You also need to think about data portability; the ability to be able to reuse your data across interoperable applications.  When weighing up SaaS suppliers, see if they have a “portability policy”. Where a privacy policy discloses what a company can do with your data, a portability policy discloses how a user can access and transfer their own data once it’s stored with that company. For IaaS providers this is normally a given, since they are just providing the infrastructure and you are able to extract the data as and when you wish at a root level.

MIGRATING OUT

Once you’re clear on who has your data, where that data is held, what they are doing with it and how they are protecting it, you also need to establish what procedures are in place to allow you to migrate your data out. Key characteristics to look for include:

• a clearly defined and established procedure for data migration
• low or no cost for migration
• data can be extracted in a meaningful, useful form for immediate re-use

For SaaS providers, look for an API or tools to download your data in a meaningful context. This could be as simple as a widget to download a CSV file (like with Google Contacts), or it might be a fully-fledged XML API. Failing that, and if taking the stack disintegration approach, ensure that the database in which the information is stored is transparent and well-documented.
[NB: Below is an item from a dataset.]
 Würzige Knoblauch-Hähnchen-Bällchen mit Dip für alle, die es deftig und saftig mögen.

It is frequently not in a SaaS provider’s interest to make data portability easy though, so this can be a difficult item.
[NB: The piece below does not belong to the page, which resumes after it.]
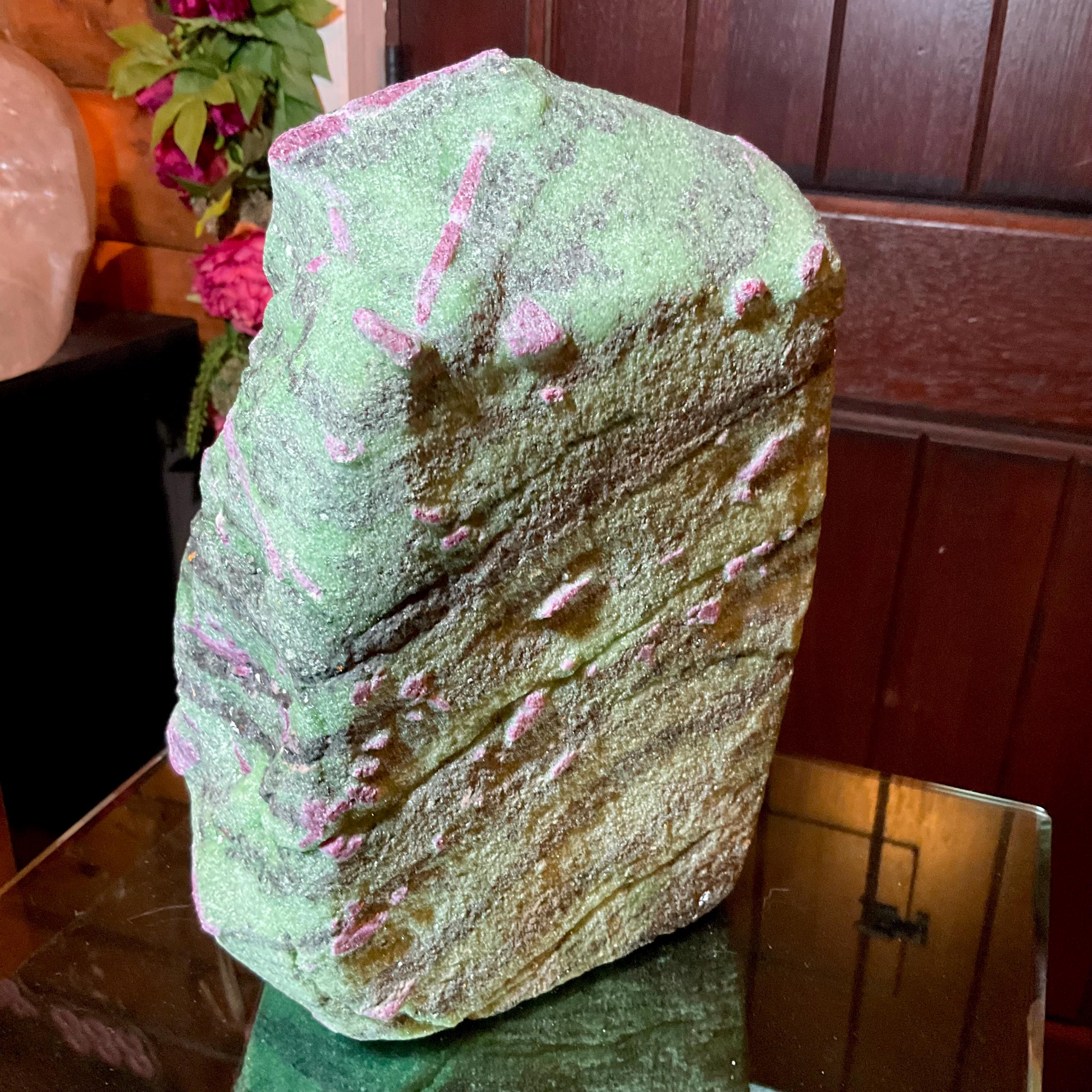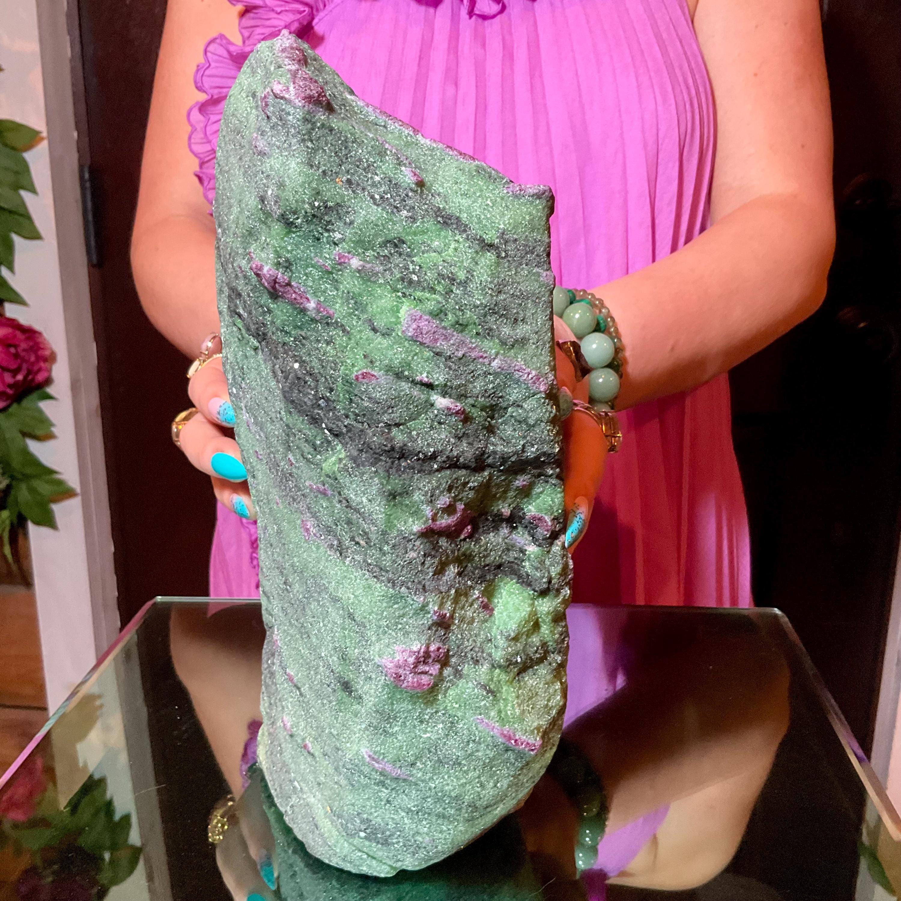 I am very happy to pass along this large, 17 pound 8-ounce Ruby Zoisite crystal Cluster measuring 9 1/2 inches tall, 3 inches thick and 7 inches wide.

MITIGATE RISK WITH CLEAR SLAs

As with any service provider contract, you should negotiate clear SLAs for your cloud provider.  These should include, but not be limited to, clear metrics around performance (both networking and computing), provisioning, change management, patching and vulnerability remediation.

To ensure your data is safe in the cloud at all times, make sure you think about the following:

• Who has access to your data
• Where your data is held
• What they are doing with it
• How they are protecting it

CONCLUSION

In summary, the cloud is, and will continue to be, a critical part of many companies’ IT strategy so must it therefore be considered in their security policies. This role is likely to grow as a raft of new services are developed and commercialised and users’ level of familiarity and comfort with this approach to service delivery develops and grows. But it is also likely that the most effective network security strategies will be a hybrid model that takes the best that the cloud has to offer and combines it with the skills and focus of experts working on the ground.